You can’t imagine my excitement when I was wandering around the exhibit of the synagogue halls, and came across a big screen showing different Kabbalat Shabbat services across the globe. And what was I so excited about? The video didn’t show orthodox men pray in a synagogue. It showed men and women celebrate shabbat in “Burning man” in Nevada, they showed different congregations celebrate Shabbat in Tel Aviv, Jerusalem, New York, California and Amsterdam. And those celebrations were so full of spirit and joy and looked so uplifting. You may think to yourself now that, well, yes, people celebrate Shabbat everywhere. But it’s something much more than that. In Israel we’re so often taught to believe that there is only one way one can be Jewish. And Secular people so often feel threatened by anything related to Judaism.

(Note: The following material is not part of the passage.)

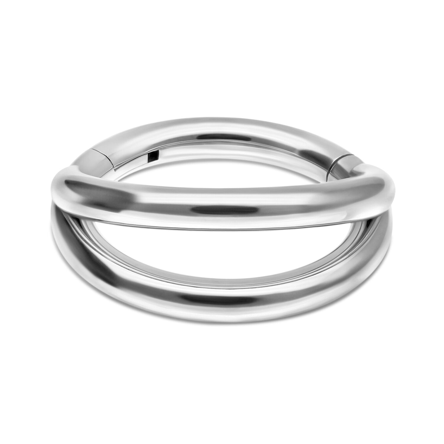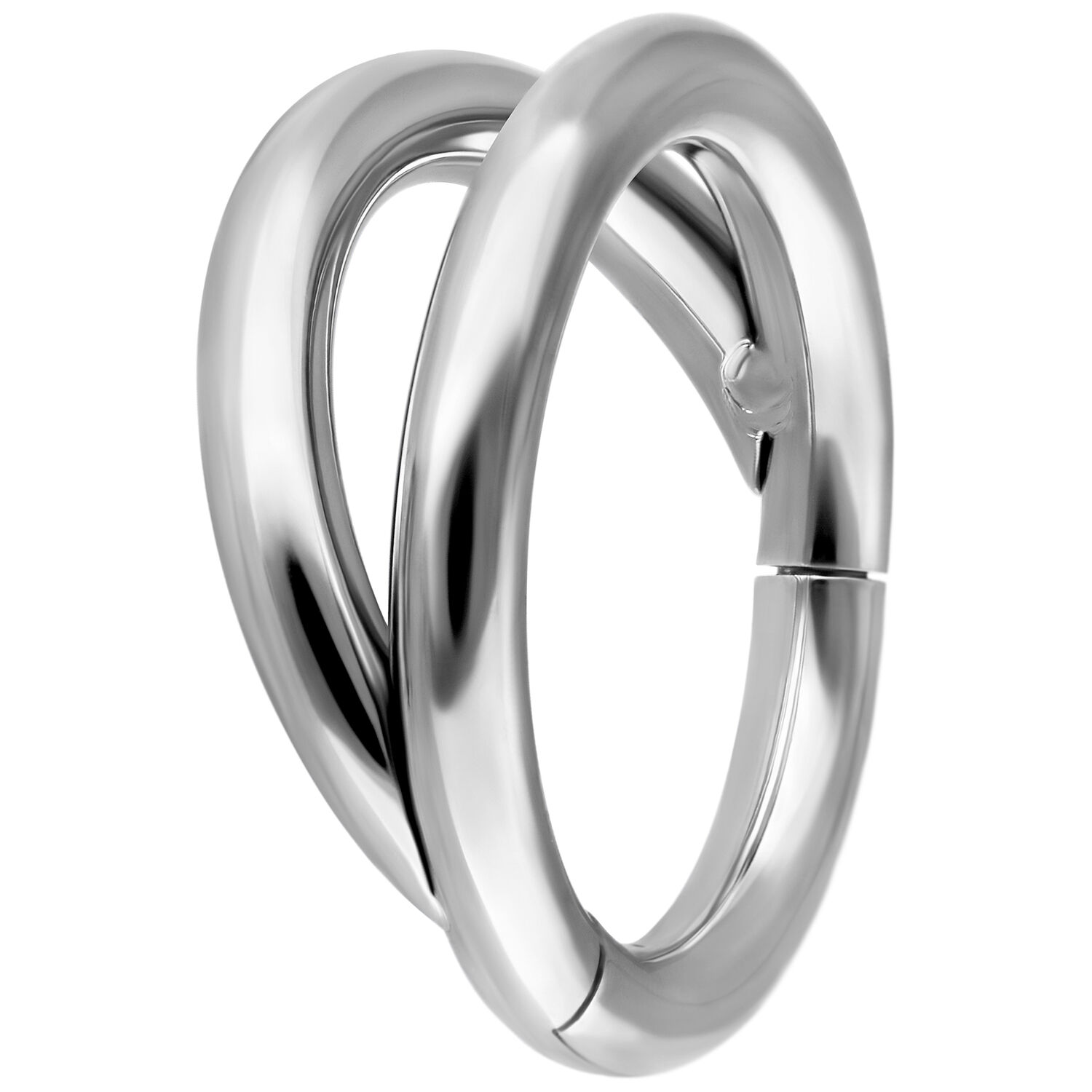 Korkealaatuinen Double Row Clicker -lävistysrengas erottuu edukseen kahden renkaan optisella illuusiolla. Anna luovuutesi lentää, sillä voit käyttää tätä rengasta lähes mihin tahansa lävistykseen. Se sopii erityisesti nenä- (nostril), lobe- tai helix-lävistyksiin. Lävistysrenkaan saranoidun lukon ansiosta se on erittäin helppo irrottaa ja laittaa paikalleen myös ilman apua. Uudista itsesi!

This exhibit is so Avantgarde in Israel in our present day, and seeing these exhibit made me feel such a comfort that a change is happening. Getting to know different Jewish communities, mainly in Eastern Europe and the Former Soviet Union in the past year, made me believe that it is so important to allow people to learn that you can be Jewish in many different ways. To show that Judaism is pluralistic and diverse. It almost made me forget that we need the same reminder here in Israel.

There was also a section in the exhibit where you can listen to Piyyutim (liturgical songs), performed by renowned artists, like Barbara Streisand, Lenoard Cohen, Berry Sakharof, Ehud Banai and more. I’m writing this post actually only in January, a week after Meir Banai passed away. Meir Banai’s songs are the most Jewish songs, and at the same time, the most Israeli ones. Meir Banai made these songs part of our life, of people who do not regularly attend synagogue. His song “lecha Eli”, written by Abraham ibn Ezra, is a song known by every Israeli. 

 

The older part of the museum is also worth seeing. Especially the part presenting the course of Jewish culture, under the title of “One Culture Many Facets: The Growth of Pluralism in Modern Jewish Life”, presenting important figures in our new Hebrew culture, like Bialik and Brenner, and their most important creations. The birth of the new Hebrew culture and critical thinking about the foundations of Jewish rabbinic culture are actually not taught in our schools’ curriculum. There are only a few teachers who are familiar with the Enlightenment movement and know how to teach its works. These should be the founding texts of the national education system, and serve as the basis of our Secular identity.

Touring this exhibition, I realised that it’s not for no reason that the museum changed it’s name - from being “the Diaspora museum” to “the Jewish Peoplehood museum”. Such a meaningful change in terminology that I hope will percolate deeper in our society. In the globalized 21st century, the division between Diaspora and Israeli Jews is non-relevant. We shouldn’t emphasise the lines that separate us across lands, we should emphasise what unites us. And now, thankfully, what was once a museum meant to explore the non-Israeli Jews of the Diaspora is now a place to celebrate Jews from all across the globe.

“The centrality of the synagogue lessened with modernity and secularism. More Jews became estranged from the synagogue which was no longer automatically the hub of communal life. Jewish communities established new gathering places.”